As described in the writeup above, if a node does not have any outgoing edges, we say that the client of our PageRank algorithm simply visits a new page at random. So, in our calculation of I, we need to sum up the I values of all nodes that have no outgoing edges, and then divide that probability by the number of nodes. That is our starting point with New_I, corresponding to the cases where we jump randomly to a node when the node that we're currently visiting has no outgoing links.

The code is in src/Pagerank-5-Use-Zero-Cols.cpp. Here's the new code, which is in Find_I():

    p = 0;
    for (i = 0; i < Adj.size(); i++) {
      if (Adj[i].size() == 0) p += I[i];
    }
    p /= (double) I.size();

    New_I.clear();
    New_I.resize(I.size(), p);

When we run in on the simple graph in G2.txt, we get the expected output. Here's the graph.

0 -> 1

And here's the output, which matches expectations.

UNIX> bin/Pagerank-5-Use-Zero-Cols < G2.txt
0.33333333 0
0.66666667 1
UNIX>

The Final Piece of the Puzzle - When We Simply Jump To A Random Link

The last part of PageRank is introducing a factor, α that specifies how often we follow links, and how often (1-α), that we simply go to a random site. The final program is in src/Pagerank-6-Do-Alpha.cpp, and here's the relevant code:

    p = (1 - alpha) / (double) I.size();    /* Scale by alpha */
    for (i = 0; i < I.size(); i++) {
      New_I[i] = (alpha * New_I[i]) + p;
    }

An interesting PageRank Calculation: Duplicate Bridge partnerships

After hacking up PageRank, I wanted to show a PageRank calculation that isn't a simple web-page traversal. Here's what I came up with. As you may or may not know, one of my hobbies is Duplicate Bridge, the card game. The Knoxville Duplicate Bridge group's web site is http://www.knoxbridge.org/, and as you can see from the "Clubs" link, you can play bridge on any day of the week in Knoxville or Maryville. The results of these games are posted online, in the "Results" tab, and these files can be a nice source of data.

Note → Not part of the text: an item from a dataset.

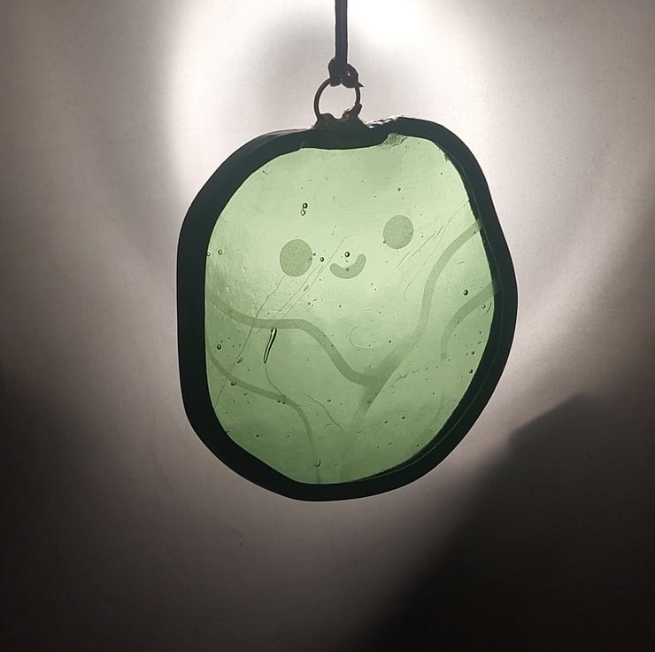 Stained glass handmade leaded sprout. Measures approx 8x7cm

In bridge, you play with a partner. These are denoted in the beginning of those results files. For example, if you take a look at The results for January 25, 2016 (the link may be broken by now), you'll see that I played with my wife, and Dr. Vander Zanden played with David Shepler (and yes, Dr. Vander Zanden scored better than we did - a rare occurrence...).

Some people, like me, play with very few partners. Some, like Mr. Shepler, play with a lot of partners. We can consider partnership as edges on a graph -- people are nodes, and if two people are ever partners, we connect them with an edge. PageRank will then give you a measure of the people who have a lot of partnership coverage. The ACBL (the American Contract Bridge League) could well use PageRank to identify players for marketing purposes. Those with higher PageRank values would be more influential in, for example, testing new products than those with lower PageRank values. So, we are going to generate the graphs for this calculation and then do the calculation.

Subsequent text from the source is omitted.